You do not need the final $d^3.$ Every integer is the sum of two squares and a cube, as long as we do not restrict the $\pm$ sign on the cube.
TYPESET FOR LEGIBILITY:
Solution by Andrew Adler:
$$ 2x+1 = (x^3 - 3 x^2 + x)^2 +(x^2 - x - 1)^2 -(x^2 - 2x)^3 $$
$$ 4x+2 = (2x^3 - 2 x^2 - x)^2 +(2x^3 -4x^2 - x + 1)^2 -(2x^2 - 2x-1)^3 $$
$$ 8x+4 = (x^3 + x +2 )^2 +(x^2 - 2x - 1)^2 -(x^2 + 1)^3 $$
$$ 16x+8 = (2x^3 - 8 x^2 +4 x +2)^2 +(2x^3 -4x^2 - 2 )^2 -(2x^2 - 4x)^3 $$
$$ 16x = (x^3 +7 x - 2)^2 +(x^2 +2 x + 11)^2 -(x^2 +5)^3 $$
You can check these with your own computer algebra system.
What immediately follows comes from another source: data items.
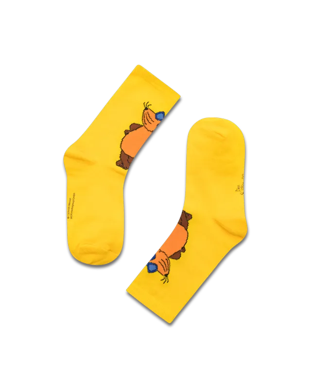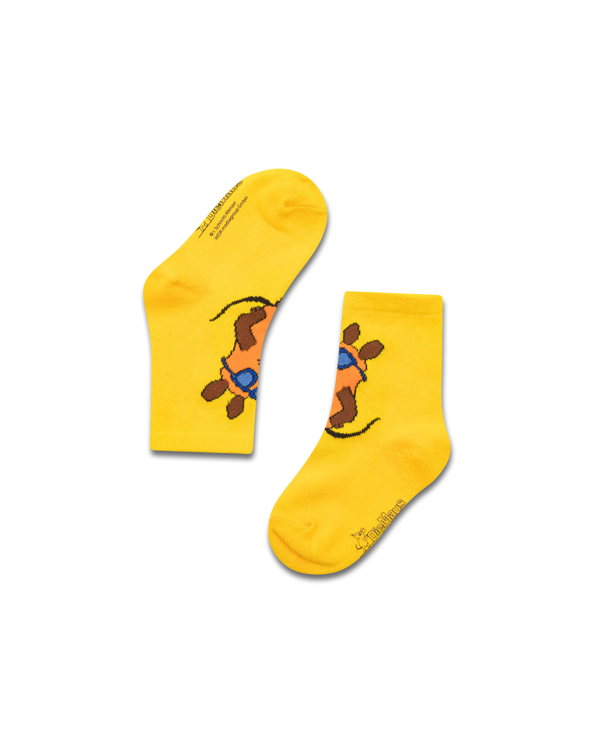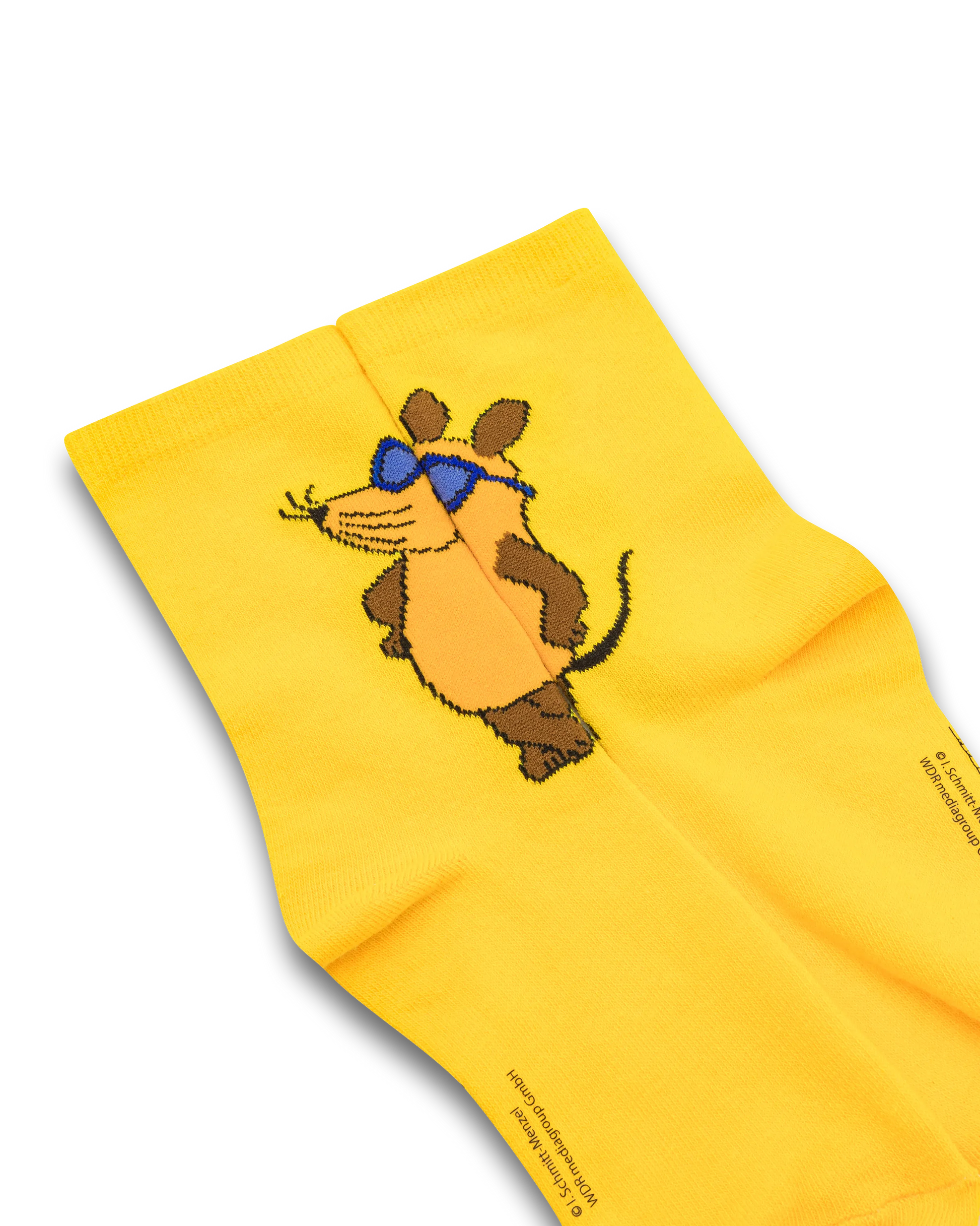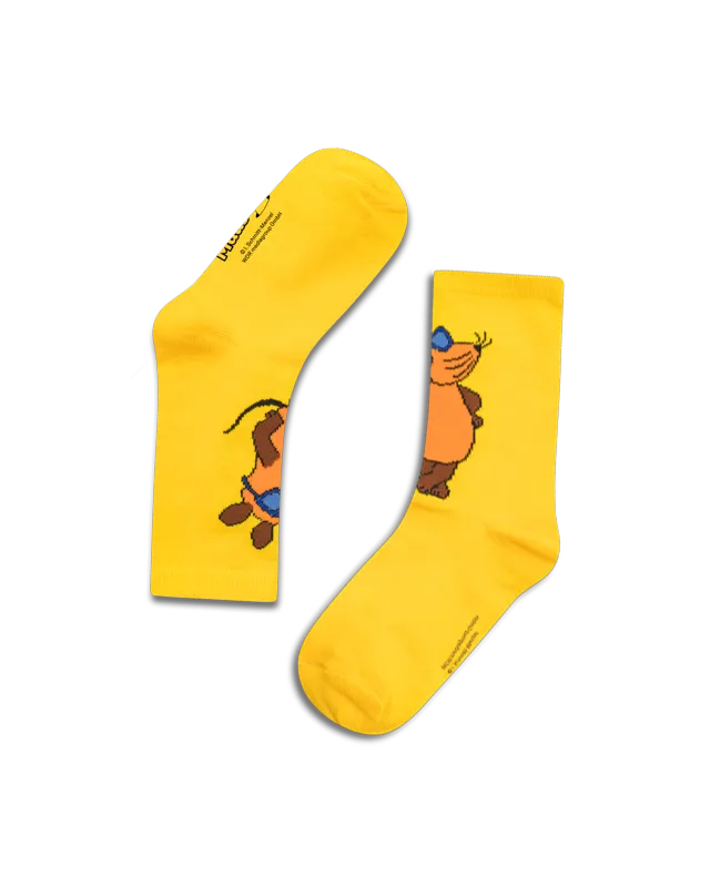 Die Maus "Beachboy" Socken in gelb mit der Maus in cooler Pose vorne groß eingewebt.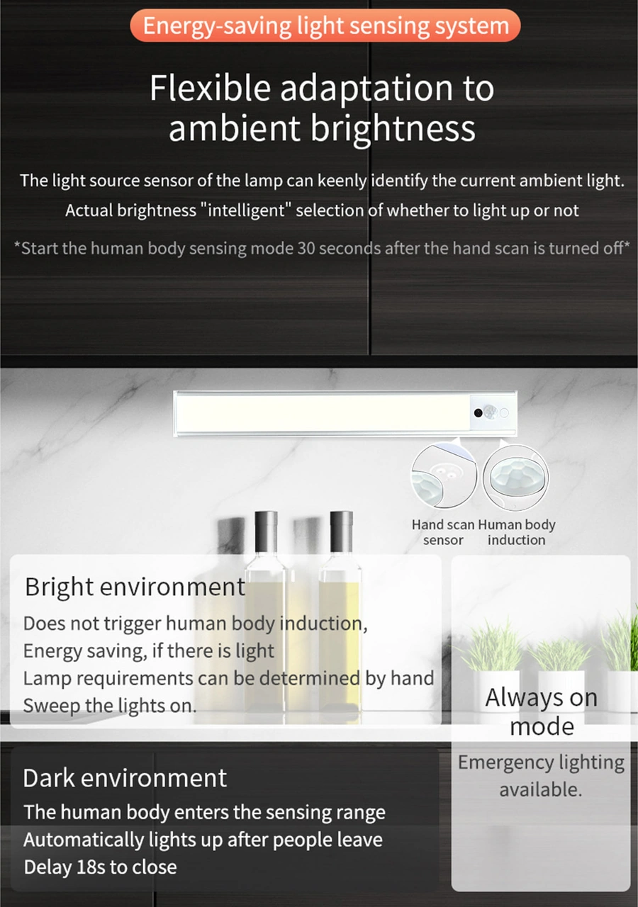 Folinda 20cm Gümüş Üç Renkli Ultra İnce Led Lamba - Vücut Ve El Tarama Sensörlü, Akıllı Otomatik Kapatma, Portatif Dolap/şarap Dolabı Aydınlatması Çok Renkli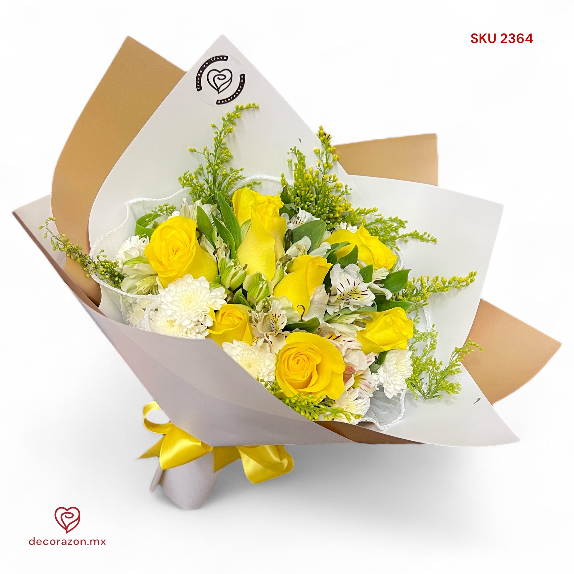 Nuestro ramo de rosas amarillas, con su color brillante y hermoso aroma, es el regalo perfecto para alegrar el día a cualquier ser querido.Este ramo es una forma de expresar amor y amistad.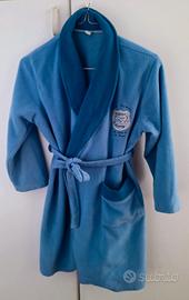 vestaglia in pile con collo a scialle, tasca e cintura; misura 6-8 anni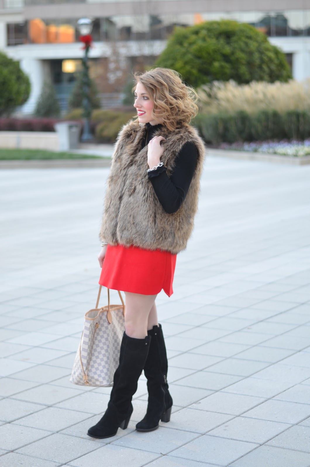 I love the fur! I'd really love to get a vest like this, but not sure I could pull it off! You're so festive.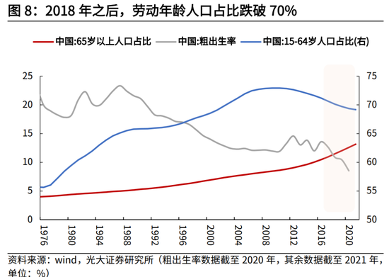 近年来,我国人口结构的变化也逐步呈现出地产后周期的特征。地产的周期变化本身就与人口密切相关,虽然人口及其相对结构是一个慢变量,但人口结构中蕴含着的经济增长、风险、债务等宏观经济力量往往会在人口转折期突然释放,导致资产价格的波动放大。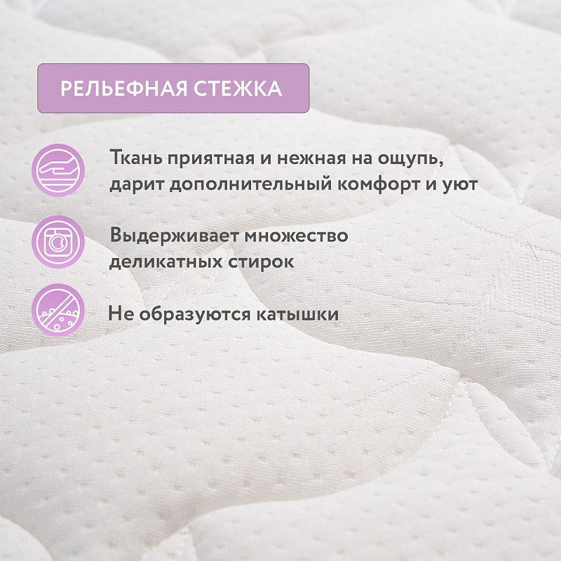 Все детали матраса продуманы так, чтобы вас и вашего малыша ничего не беспокоило. Материал чехла быстро впитывает жидкость и быстро сохнет, а 3D сетка по периметру чехла улучшает вентиляцию наполнителей.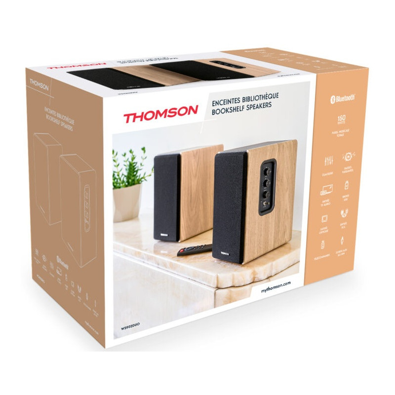 Ensemble de 2 Enceintes Sans fil THOMSON WS902DUO - Connectivité : Bluetooth 5.3 - Puissance musicale totale : 150 Watts - Bluetooth 5.3 - Entrée optique (câble inclus) - Connectiques USB & RCA (Câbles RCA vers RCA & RCA vers 3.5mm inclus) - Entrée TV Audio - Sorties AUX-IN 3.5mm & Caisson de basses (câble inclus) - Ajustement des aigus et des basses séparé - Égaliseur (musique, film, voix) - Télécommande (piles non incluses – 2 x AAA) - Alimentation secteur 230 V incluse - Garantie 1an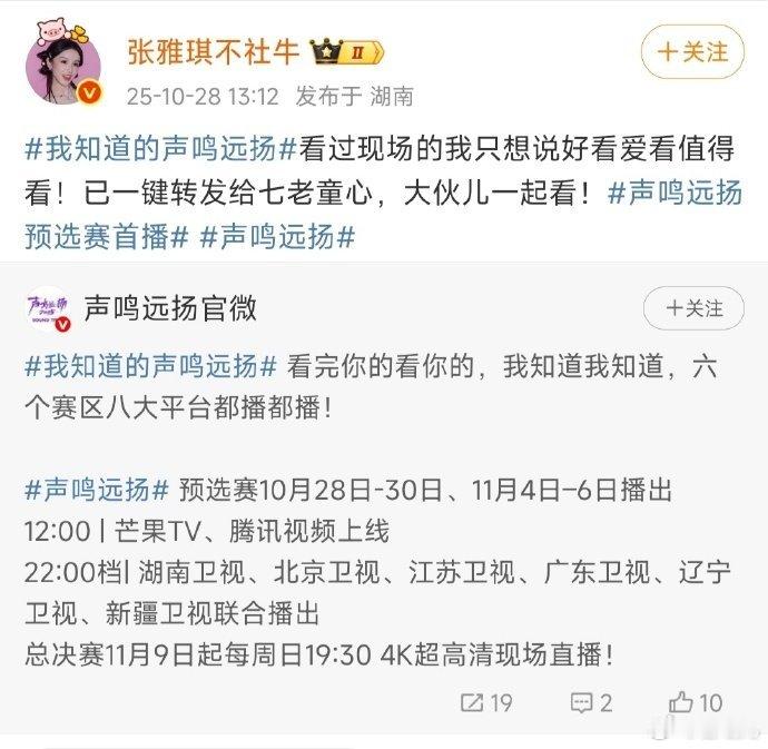张雅琪喊七老童心看声鸣远扬张雅琪太懂观众的心了!主持《声鸣远扬》还惦记着那英、陈数他们,“好看爱看值得看” 的安利超真诚,花少团的友谊果然不是节目效果,是真家人啊! 声鸣远扬

Please let me know if I mistyped anything.
Alright, our conjecture (Kaplansky and I) is that, for any odd prime $q,$ $x^2 + y^2 + z^q$ is universal. However, this is false as soon as the exponent on $z$ is odd but composite. The example we put in the article is
$$ x^2 + y^2 + z^9 \neq 216 p^3, $$
where $p \equiv 1 \pmod 4$ is a (positive) prime.
This defeated a well-known conjecture of Vaughan. We told him about it in time for him to include it in the second edition of his HARDY-LITTLEWOOD BOOK, where it is now mentioned on pages 127 ("There are some exceptions to this,") and exercise 5 on page 146.